Before attempting this problem, you should be comfortable with:

  • Binary Trees — Structure and traversal of tree nodes
  • Recursion — Comparing two trees by comparing their subproblems
  • Short-circuit Logic — Returning early when a mismatch is found

1. Recursive DFS

Intuition

Two trees are the same if: their roots have the same value, their left subtrees are the same, and their right subtrees are the same. This decomposes perfectly into recursion. The base cases handle structural differences: if both are null they match, if only one is null they don’t.

Algorithm

  1. If both nodes are null → return true (both trees “end” here)
  2. If exactly one is null → return false (structural mismatch)
  3. If p.val != q.val → return false (value mismatch)
  4. Return same_tree(p.left, q.left) and same_tree(p.right, q.right)

Solution

class TreeNode:
    def __init__(self, val=0, left=None, right=None):
        self.val = val
        self.left = left
        self.right = right

def is_same_tree(p, q):
    # Both null: they match at this position
    if not p and not q:
        return True
    # One null, one not: structure differs
    if not p or not q:
        return False
    # Values differ
    if p.val != q.val:
        return False
    # Recurse on both subtrees
    return is_same_tree(p.left, q.left) and is_same_tree(p.right, q.right)

# --- helpers ---
def build_tree(values):
    if not values:
        return None
    root = TreeNode(values[0])
    queue = [root]
    i = 1
    while queue and i < len(values):
        node = queue.pop(0)
        if i < len(values) and values[i] is not None:
            node.left = TreeNode(values[i])
            queue.append(node.left)
        i += 1
        if i < len(values) and values[i] is not None:
            node.right = TreeNode(values[i])
            queue.append(node.right)
        i += 1
    return root

# --- tests ---
p1 = build_tree([1, 2, 3])
q1 = build_tree([1, 2, 3])
print(is_same_tree(p1, q1))  # True

p2 = build_tree([1, 2])
q2 = build_tree([1, None, 2])
print(is_same_tree(p2, q2))  # False

p3 = build_tree([1, 2, 1])
q3 = build_tree([1, 1, 2])
print(is_same_tree(p3, q3))  # False

p4 = build_tree([])
q4 = build_tree([])
print(is_same_tree(p4, q4))  # True

Complexity

  • Time: O(n) — at most n nodes visited where n = min(size(p), size(q))
  • Space: O(h) — recursion stack depth proportional to tree height

2. Iterative (Stack-Based)

Intuition

We can do the same comparison without recursion by using a stack of node pairs.

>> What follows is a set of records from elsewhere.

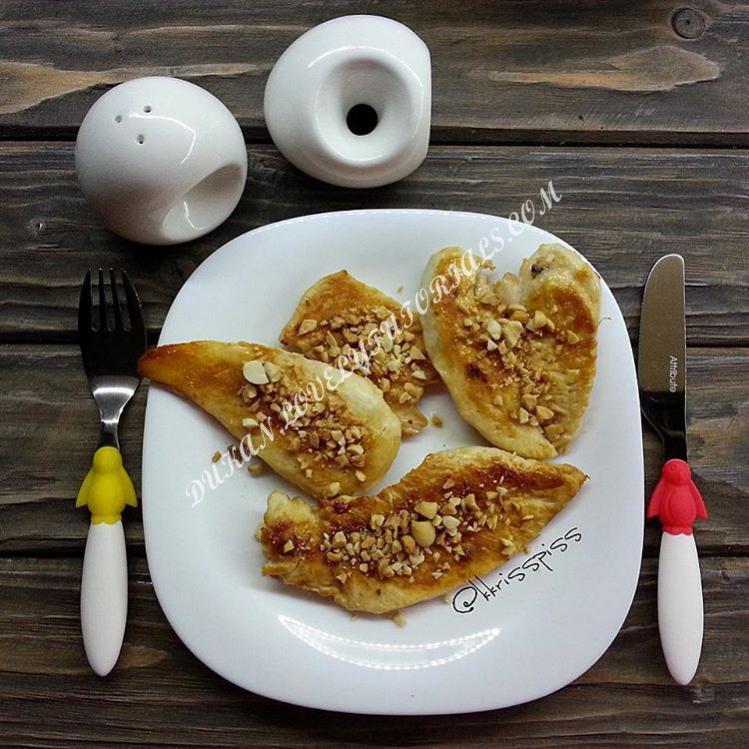 Я не реально подсела на сисикуры, приготовленые на пергаменте🙆 Я прям задыхаюсь от их нежности😂 сочности, так бы ела и ела, ела и ела😋😋 Расскажу как делаю. В свое время мне очень понравились листы от Магги для сочного филе, так вот, я решила поэкспериментировать и сделать их аналог! Купила обычный пергамент в рулоне. Отрываю нужную длину и стелю на сухую сковороду, включаю огонь на максимум и тем временем занимаюсь грудью😉 Режу её кусочками, либо как на фото, либо еще мельче,(прям поперек можно примерно 1см толщиной) соль, любимые специи только улучшат вкус, поэтому идут в ход, и ,так же, лью примерно 0.5ч.л.☝оливкового масла (примерно 2-3грамма) все куски как следует перетираю между собой и выкладываю на раскалёную сковороду! Закрываю крышкой и даю поджариться с одной стороны, тут же переварачиваю на другую (примерно по 2 минуты на каждую сторону, на быстром/максимальном огне☝☝☝☝☝) Получается волшебно сочная! Отличный ужин, такую куру можно есть постоянно! p.s.орехи можно только на ПП источник:kkrisspiss |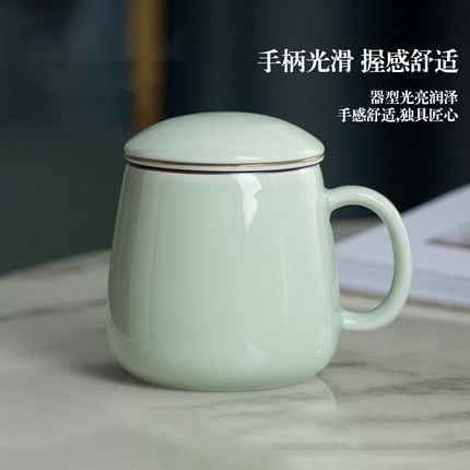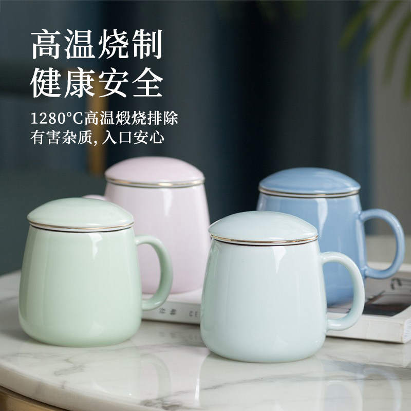 茶水分离茶杯陶瓷杯水杯马克杯办公家用带盖过滤器网红泡茶杯子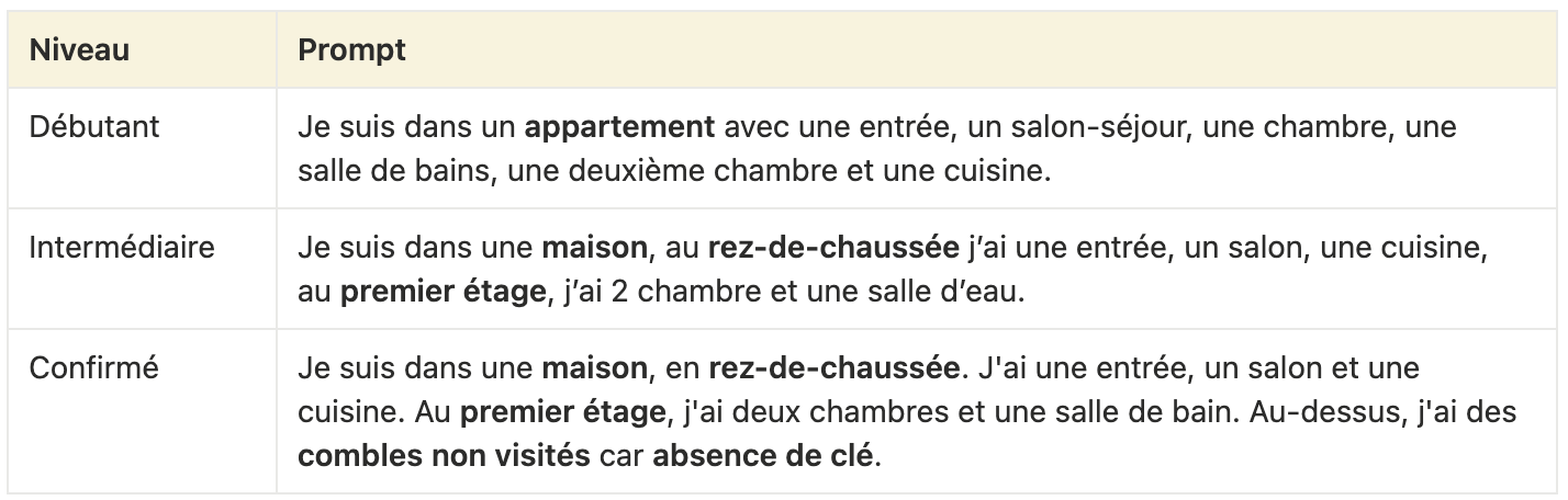 1. Enoncez l'espace à ajouter et le niveau dans lequel se trouve cette espace (si votre projet comporte plusieurs niveaux)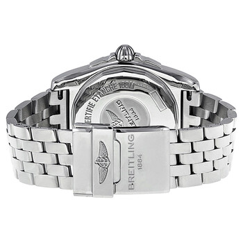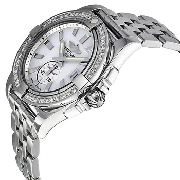 Stainless steel case with a stainless steel bracelet. Uni-directional rotating bezel set with diamonds. Mother of pearl dial with silver-tone hands and stick hour markers. Minute markers around the outer rim. Dial Type: Analog. Luminescent hands and markers. Date display appears at the 3 o'clock position. Small second sub-dial at the 6 o'clock position. Automatic movement wtih 42 hour power reserve. Scratch resistant sapphire crystal. Screw down crown. Solid case back. Case diameter: 36 mm. Case thickness: 12.3 mm. Round case shape. Band width: 18 mm. Fold over clasp with safety. Water resistant at 100 meters / 330 feet. Functions: date, hour, minute, second. Luxury watch style. Watch label: Swiss Made. Breitling Galactic 36 Automatic Diamond Mother of Pearl Dial Ladies Watch A3733053-A716SS.

At each step, pop a pair and apply the same three checks as the recursive version.

Solution

class TreeNode:
    def __init__(self, val=0, left=None, right=None):
        self.val = val
        self.left = left
        self.right = right

def is_same_tree_iterative(p, q):
    stack = [(p, q)]

    while stack:
        node1, node2 = stack.pop()

        if not node1 and not node2:
            continue
        if not node1 or not node2:
            return False
        if node1.val != node2.val:
            return False

        stack.append((node1.left, node2.left))
        stack.append((node1.right, node2.right))

    return True

# --- helpers ---
def build_tree(values):
    if not values:
        return None
    root = TreeNode(values[0])
    queue = [root]
    i = 1
    while queue and i < len(values):
        node = queue.pop(0)
        if i < len(values) and values[i] is not None:
            node.left = TreeNode(values[i])
            queue.append(node.left)
        i += 1
        if i < len(values) and values[i] is not None:
            node.right = TreeNode(values[i])
            queue.append(node.right)
        i += 1
    return root

# --- tests ---
p1 = build_tree([1, 2, 3])
q1 = build_tree([1, 2, 3])
print(is_same_tree_iterative(p1, q1))  # True

p2 = build_tree([1, 2])
q2 = build_tree([1, None, 2])
print(is_same_tree_iterative(p2, q2))  # False

Complexity

  • Time: O(n) — each node pair is processed once
  • Space: O(h) — stack size proportional to tree height

Common Pitfalls

Checking only values, not structure. [1,2] and [1,null,2] have the same values but different structures. The null checks for structural equality must come before value comparison.

Short-circuiting too eagerly. The and in same_tree(left) and same_tree(right) already short-circuits — if the left subtrees differ, Python won’t even evaluate the right. This is efficient by default.